• [ACTION ITEM]: Of the records that follow, copy only the lines from the line containing "Bordowa satynowa sukienka" to the line containing "ANDORRA. 1939. ANDORRA", both included, exactly as written.

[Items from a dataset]

+++

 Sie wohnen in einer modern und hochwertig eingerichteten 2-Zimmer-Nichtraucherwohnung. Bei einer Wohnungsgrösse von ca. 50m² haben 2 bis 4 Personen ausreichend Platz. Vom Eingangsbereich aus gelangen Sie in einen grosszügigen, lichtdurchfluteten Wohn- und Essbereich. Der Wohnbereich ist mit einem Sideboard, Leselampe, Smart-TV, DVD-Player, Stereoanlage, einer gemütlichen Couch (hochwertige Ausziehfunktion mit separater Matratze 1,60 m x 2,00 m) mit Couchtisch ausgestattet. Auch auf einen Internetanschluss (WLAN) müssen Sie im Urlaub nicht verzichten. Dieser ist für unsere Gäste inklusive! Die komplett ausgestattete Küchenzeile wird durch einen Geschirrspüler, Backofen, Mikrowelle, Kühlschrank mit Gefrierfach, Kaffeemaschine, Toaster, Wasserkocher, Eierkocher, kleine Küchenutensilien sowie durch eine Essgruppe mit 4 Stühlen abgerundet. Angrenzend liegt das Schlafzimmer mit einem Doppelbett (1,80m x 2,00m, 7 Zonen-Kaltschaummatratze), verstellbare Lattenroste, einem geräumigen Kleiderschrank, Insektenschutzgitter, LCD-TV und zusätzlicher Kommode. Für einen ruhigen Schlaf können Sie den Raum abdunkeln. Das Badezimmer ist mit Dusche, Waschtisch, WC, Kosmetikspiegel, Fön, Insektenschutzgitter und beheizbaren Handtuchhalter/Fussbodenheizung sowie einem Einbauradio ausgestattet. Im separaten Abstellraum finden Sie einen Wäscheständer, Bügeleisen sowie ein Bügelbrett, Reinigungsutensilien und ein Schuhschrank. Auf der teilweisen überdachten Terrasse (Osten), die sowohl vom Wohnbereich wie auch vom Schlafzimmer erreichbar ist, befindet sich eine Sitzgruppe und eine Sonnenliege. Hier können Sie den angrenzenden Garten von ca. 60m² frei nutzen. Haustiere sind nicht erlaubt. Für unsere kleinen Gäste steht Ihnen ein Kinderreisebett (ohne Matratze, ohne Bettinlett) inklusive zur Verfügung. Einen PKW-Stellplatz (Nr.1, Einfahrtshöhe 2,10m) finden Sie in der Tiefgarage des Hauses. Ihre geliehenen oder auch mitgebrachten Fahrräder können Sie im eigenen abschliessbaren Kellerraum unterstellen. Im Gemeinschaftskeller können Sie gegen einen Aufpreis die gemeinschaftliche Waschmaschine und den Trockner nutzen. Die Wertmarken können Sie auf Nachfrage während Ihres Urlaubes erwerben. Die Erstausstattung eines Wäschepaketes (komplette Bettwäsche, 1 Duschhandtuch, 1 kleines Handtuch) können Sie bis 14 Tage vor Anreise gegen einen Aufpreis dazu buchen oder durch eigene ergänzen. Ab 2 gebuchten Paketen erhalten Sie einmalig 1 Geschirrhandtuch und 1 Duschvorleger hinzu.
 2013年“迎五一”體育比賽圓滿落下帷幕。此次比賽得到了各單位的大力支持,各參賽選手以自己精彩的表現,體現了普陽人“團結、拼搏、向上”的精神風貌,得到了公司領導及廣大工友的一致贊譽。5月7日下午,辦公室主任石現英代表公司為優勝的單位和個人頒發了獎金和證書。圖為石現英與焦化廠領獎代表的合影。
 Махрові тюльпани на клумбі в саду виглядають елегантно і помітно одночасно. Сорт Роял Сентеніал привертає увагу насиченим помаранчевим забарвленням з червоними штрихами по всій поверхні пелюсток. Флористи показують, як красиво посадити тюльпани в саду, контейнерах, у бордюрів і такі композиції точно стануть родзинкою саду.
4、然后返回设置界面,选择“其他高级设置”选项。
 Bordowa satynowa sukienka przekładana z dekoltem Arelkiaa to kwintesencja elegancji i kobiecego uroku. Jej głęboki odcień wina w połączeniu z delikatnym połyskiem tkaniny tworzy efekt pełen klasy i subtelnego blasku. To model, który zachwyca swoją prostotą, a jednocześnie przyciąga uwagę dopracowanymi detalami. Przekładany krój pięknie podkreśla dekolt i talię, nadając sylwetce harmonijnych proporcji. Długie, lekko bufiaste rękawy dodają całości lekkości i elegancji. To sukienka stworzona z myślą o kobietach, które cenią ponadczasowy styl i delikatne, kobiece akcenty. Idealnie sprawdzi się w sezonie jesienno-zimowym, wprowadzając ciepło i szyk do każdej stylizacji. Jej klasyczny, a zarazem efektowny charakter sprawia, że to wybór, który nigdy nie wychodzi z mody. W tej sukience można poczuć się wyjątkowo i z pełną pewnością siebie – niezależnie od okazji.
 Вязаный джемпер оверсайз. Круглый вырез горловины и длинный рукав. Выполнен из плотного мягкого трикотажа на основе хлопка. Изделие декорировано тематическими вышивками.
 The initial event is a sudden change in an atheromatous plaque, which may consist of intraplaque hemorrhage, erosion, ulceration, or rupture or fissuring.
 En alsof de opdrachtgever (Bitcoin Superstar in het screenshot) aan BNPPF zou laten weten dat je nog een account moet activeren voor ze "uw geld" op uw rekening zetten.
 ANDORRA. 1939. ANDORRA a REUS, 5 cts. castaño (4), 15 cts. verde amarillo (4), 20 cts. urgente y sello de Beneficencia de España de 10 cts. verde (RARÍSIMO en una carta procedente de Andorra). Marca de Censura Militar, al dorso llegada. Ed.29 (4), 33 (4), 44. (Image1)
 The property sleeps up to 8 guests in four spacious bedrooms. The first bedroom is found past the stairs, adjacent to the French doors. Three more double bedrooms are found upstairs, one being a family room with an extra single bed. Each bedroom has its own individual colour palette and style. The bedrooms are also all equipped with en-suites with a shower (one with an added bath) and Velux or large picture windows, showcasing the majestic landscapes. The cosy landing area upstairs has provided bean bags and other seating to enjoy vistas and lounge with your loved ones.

+++

• [YOUR SOLUTION]:
 Bordowa satynowa sukienka przekładana z dekoltem Arelkiaa to kwintesencja elegancji i kobiecego uroku. Jej głęboki odcień wina w połączeniu z delikatnym połyskiem tkaniny tworzy efekt pełen klasy i subtelnego blasku. To model, który zachwyca swoją prostotą, a jednocześnie przyciąga uwagę dopracowanymi detalami. Przekładany krój pięknie podkreśla dekolt i talię, nadając sylwetce harmonijnych proporcji. Długie, lekko bufiaste rękawy dodają całości lekkości i elegancji. To sukienka stworzona z myślą o kobietach, które cenią ponadczasowy styl i delikatne, kobiece akcenty. Idealnie sprawdzi się w sezonie jesienno-zimowym, wprowadzając ciepło i szyk do każdej stylizacji. Jej klasyczny, a zarazem efektowny charakter sprawia, że to wybór, który nigdy nie wychodzi z mody. W tej sukience można poczuć się wyjątkowo i z pełną pewnością siebie – niezależnie od okazji.
 Вязаный джемпер оверсайз. Круглый вырез горловины и длинный рукав. Выполнен из плотного мягкого трикотажа на основе хлопка. Изделие декорировано тематическими вышивками.
 The initial event is a sudden change in an atheromatous plaque, which may consist of intraplaque hemorrhage, erosion, ulceration, or rupture or fissuring.
 En alsof de opdrachtgever (Bitcoin Superstar in het screenshot) aan BNPPF zou laten weten dat je nog een account moet activeren voor ze "uw geld" op uw rekening zetten.
 ANDORRA. 1939. ANDORRA a REUS, 5 cts. castaño (4), 15 cts. verde amarillo (4), 20 cts. urgente y sello de Beneficencia de España de 10 cts. verde (RARÍSIMO en una carta procedente de Andorra). Marca de Censura Militar, al dorso llegada. Ed.29 (4), 33 (4), 44. (Image1)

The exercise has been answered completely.